Information supplied:
>>

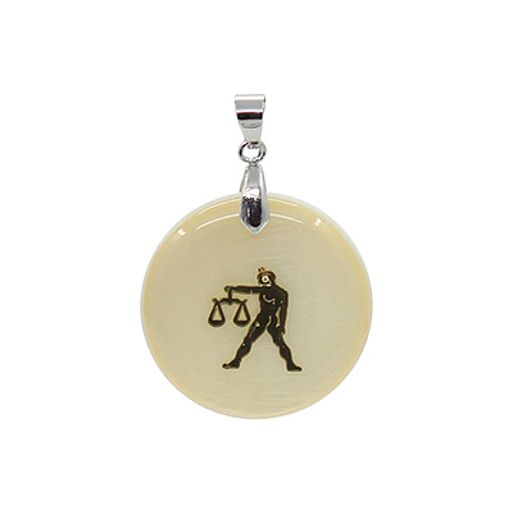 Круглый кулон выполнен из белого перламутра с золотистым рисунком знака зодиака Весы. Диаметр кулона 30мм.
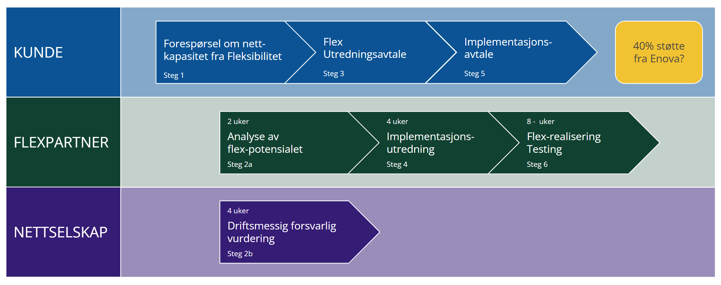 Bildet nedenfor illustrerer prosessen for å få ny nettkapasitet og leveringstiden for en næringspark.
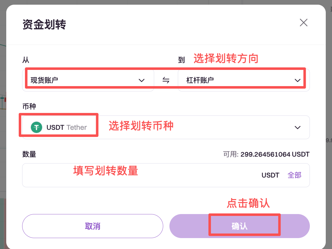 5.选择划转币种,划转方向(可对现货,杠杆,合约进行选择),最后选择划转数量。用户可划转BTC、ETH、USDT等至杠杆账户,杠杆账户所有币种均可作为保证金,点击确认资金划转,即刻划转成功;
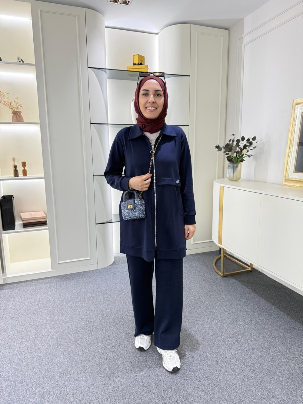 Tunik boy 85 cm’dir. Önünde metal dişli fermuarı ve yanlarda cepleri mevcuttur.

<<
>>

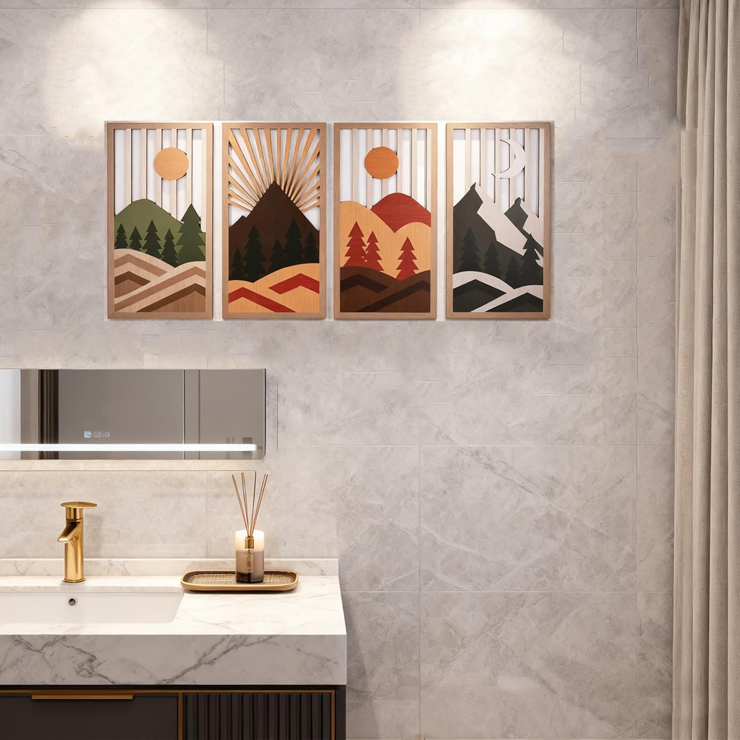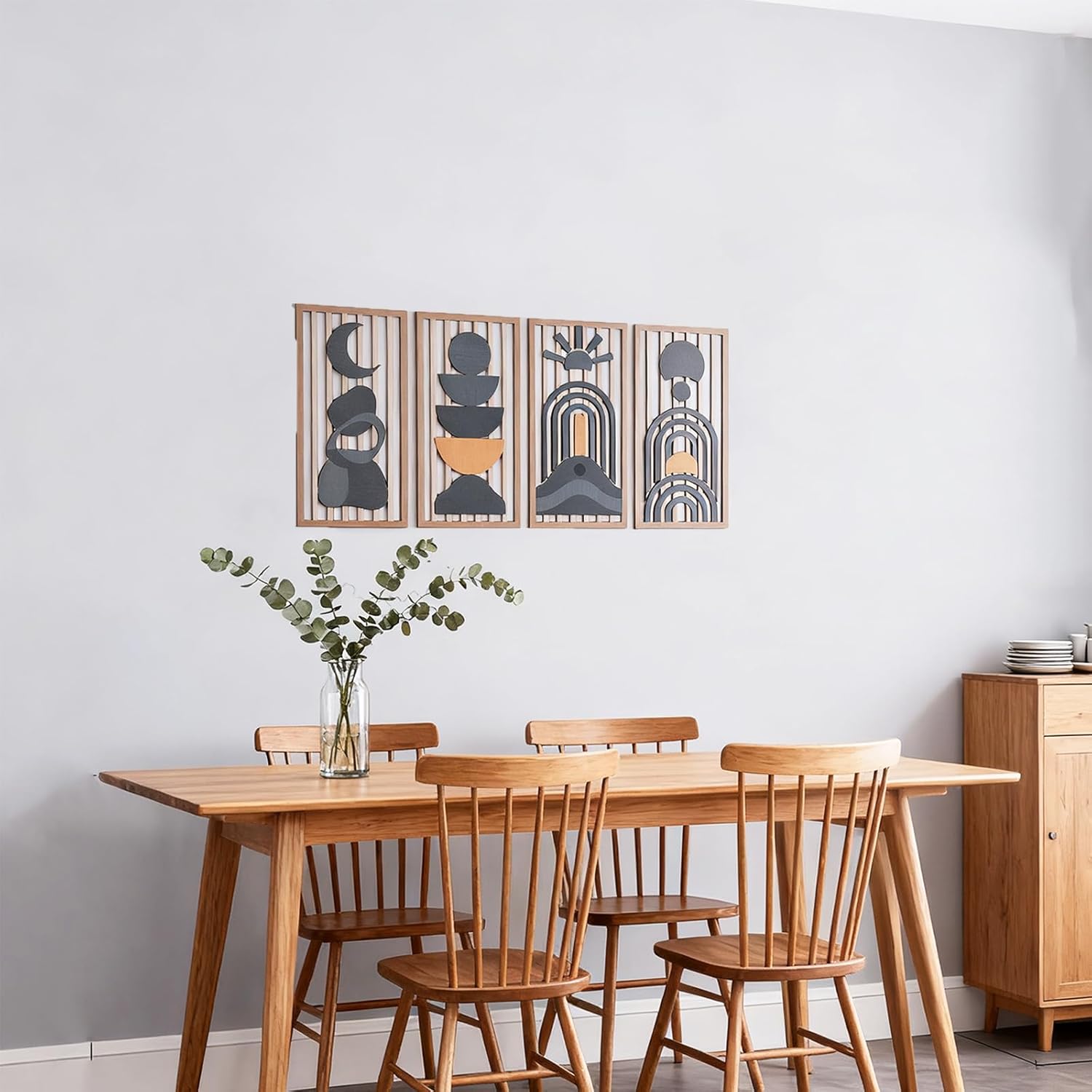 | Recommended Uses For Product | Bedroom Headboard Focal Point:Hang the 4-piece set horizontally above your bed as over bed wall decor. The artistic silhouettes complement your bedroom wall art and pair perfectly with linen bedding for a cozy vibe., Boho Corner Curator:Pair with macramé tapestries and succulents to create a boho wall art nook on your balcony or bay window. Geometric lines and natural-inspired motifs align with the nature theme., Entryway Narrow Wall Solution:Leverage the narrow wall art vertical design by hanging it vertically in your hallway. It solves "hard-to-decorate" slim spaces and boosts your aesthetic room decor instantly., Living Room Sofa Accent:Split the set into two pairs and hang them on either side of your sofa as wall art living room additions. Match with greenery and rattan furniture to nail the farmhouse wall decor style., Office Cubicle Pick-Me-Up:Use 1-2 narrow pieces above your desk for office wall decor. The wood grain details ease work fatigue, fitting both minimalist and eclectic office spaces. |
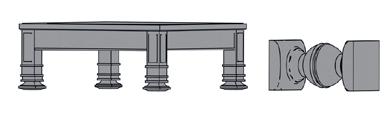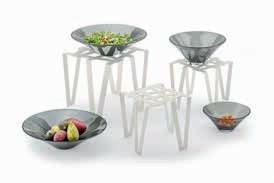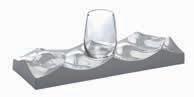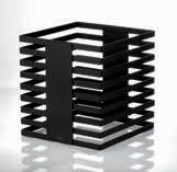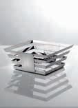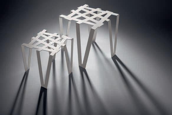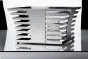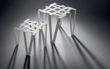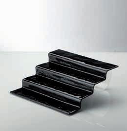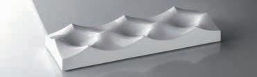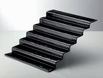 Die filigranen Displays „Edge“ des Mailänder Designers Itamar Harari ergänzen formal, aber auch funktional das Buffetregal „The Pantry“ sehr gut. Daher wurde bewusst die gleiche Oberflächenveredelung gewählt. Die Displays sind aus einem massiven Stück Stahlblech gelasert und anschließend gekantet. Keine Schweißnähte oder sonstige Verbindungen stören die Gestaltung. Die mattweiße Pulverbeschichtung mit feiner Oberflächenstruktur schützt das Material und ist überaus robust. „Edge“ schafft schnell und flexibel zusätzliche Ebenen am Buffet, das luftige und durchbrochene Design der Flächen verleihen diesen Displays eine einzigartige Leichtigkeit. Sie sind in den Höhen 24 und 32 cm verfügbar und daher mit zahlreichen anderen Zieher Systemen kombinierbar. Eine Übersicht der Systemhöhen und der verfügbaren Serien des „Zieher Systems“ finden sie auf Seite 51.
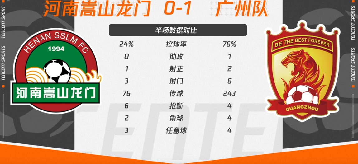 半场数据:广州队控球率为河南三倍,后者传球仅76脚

<<

An exact copy is needed of the stretch above that opens with the line containing "Die filigranen Displays" and closes with the line containing "半场数据:广州队控球率为河南三倍,后者传球仅76脚"; the pictures are not part of it.

Task result:
 Die filigranen Displays „Edge“ des Mailänder Designers Itamar Harari ergänzen formal, aber auch funktional das Buffetregal „The Pantry“ sehr gut. Daher wurde bewusst die gleiche Oberflächenveredelung gewählt. Die Displays sind aus einem massiven Stück Stahlblech gelasert und anschließend gekantet. Keine Schweißnähte oder sonstige Verbindungen stören die Gestaltung. Die mattweiße Pulverbeschichtung mit feiner Oberflächenstruktur schützt das Material und ist überaus robust. „Edge“ schafft schnell und flexibel zusätzliche Ebenen am Buffet, das luftige und durchbrochene Design der Flächen verleihen diesen Displays eine einzigartige Leichtigkeit. Sie sind in den Höhen 24 und 32 cm verfügbar und daher mit zahlreichen anderen Zieher Systemen kombinierbar. Eine Übersicht der Systemhöhen und der verfügbaren Serien des „Zieher Systems“ finden sie auf Seite 51.
 半场数据:广州队控球率为河南三倍,后者传球仅76脚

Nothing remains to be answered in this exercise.